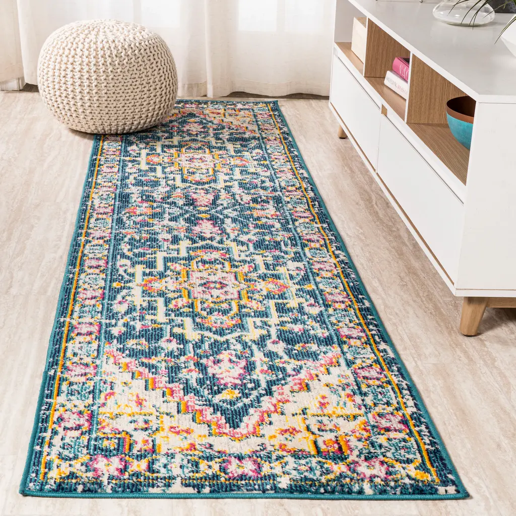 This rug's bright colors add a cheerful Bohemian touch to your modern farmhouse or cottage. With its family-friendly busy pattern, this rug is ideal for a dining room, living room, or bedroom. A geometric central medallion in ivory, surrounded by bright accent colors gives this rug standout style.
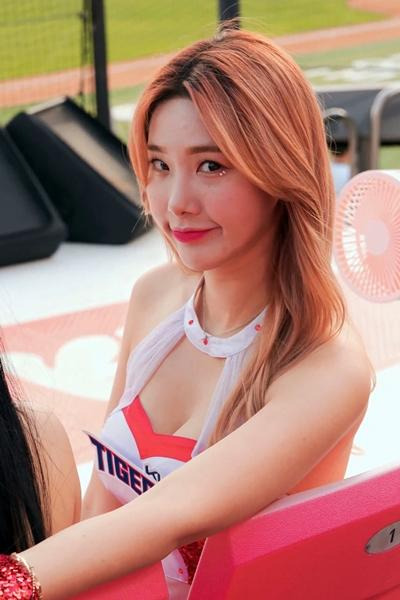 마스크 벗은 김현지 치어리더
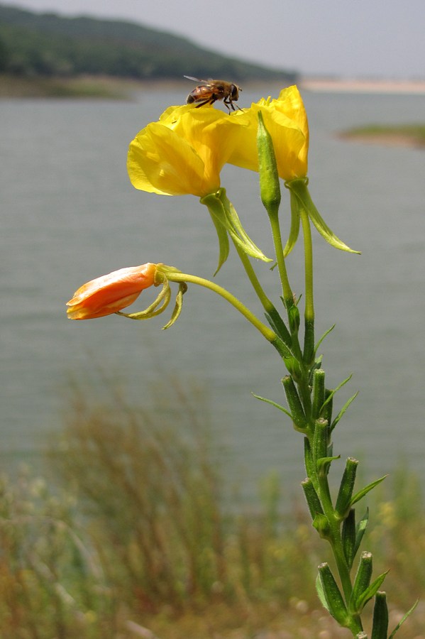 Верхушка соцветия с бутоном, цветками, плодами и мухой Eristalis tenax. Крым, предгорья, Партизанское вдхр., пойма р. Альма. 28 июля 2013 г.
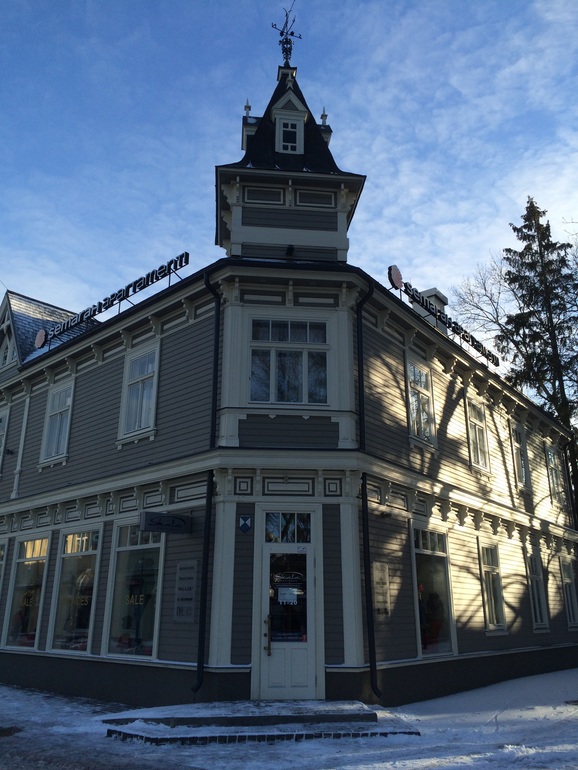 А это дом, в котором мы живем. Наша квартира на втором этаже. На первом магазин и ресторан. Боковое окно - Мишкина комната, а башня над ним, наша мансарда, которую оккупировал наш папа. К него там комп, большой телек, в общем, у нас в башне принц сидит;-)
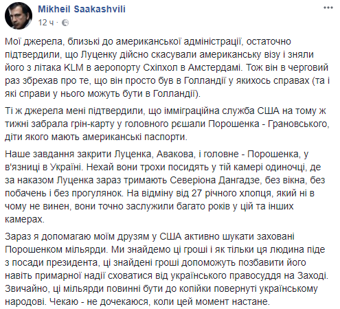 Те же источники мне подтвердили, что иммиграционная служба США на той же неделе забрала грин-карту у главного решалы Порошенко - Грановского, дети которого имеют американские паспорта", - написал Саакашвили.

################

Pictures within the entries must not be reproduced; everything else is to be restated verbatim.

 This rug's bright colors add a cheerful Bohemian touch to your modern farmhouse or cottage. With its family-friendly busy pattern, this rug is ideal for a dining room, living room, or bedroom. A geometric central medallion in ivory, surrounded by bright accent colors gives this rug standout style.
 마스크 벗은 김현지 치어리더
 Верхушка соцветия с бутоном, цветками, плодами и мухой Eristalis tenax. Крым, предгорья, Партизанское вдхр., пойма р. Альма. 28 июля 2013 г.
 А это дом, в котором мы живем. Наша квартира на втором этаже. На первом магазин и ресторан. Боковое окно - Мишкина комната, а башня над ним, наша мансарда, которую оккупировал наш папа. К него там комп, большой телек, в общем, у нас в башне принц сидит;-)
 Те же источники мне подтвердили, что иммиграционная служба США на той же неделе забрала грин-карту у главного решалы Порошенко - Грановского, дети которого имеют американские паспорта", - написал Саакашвили.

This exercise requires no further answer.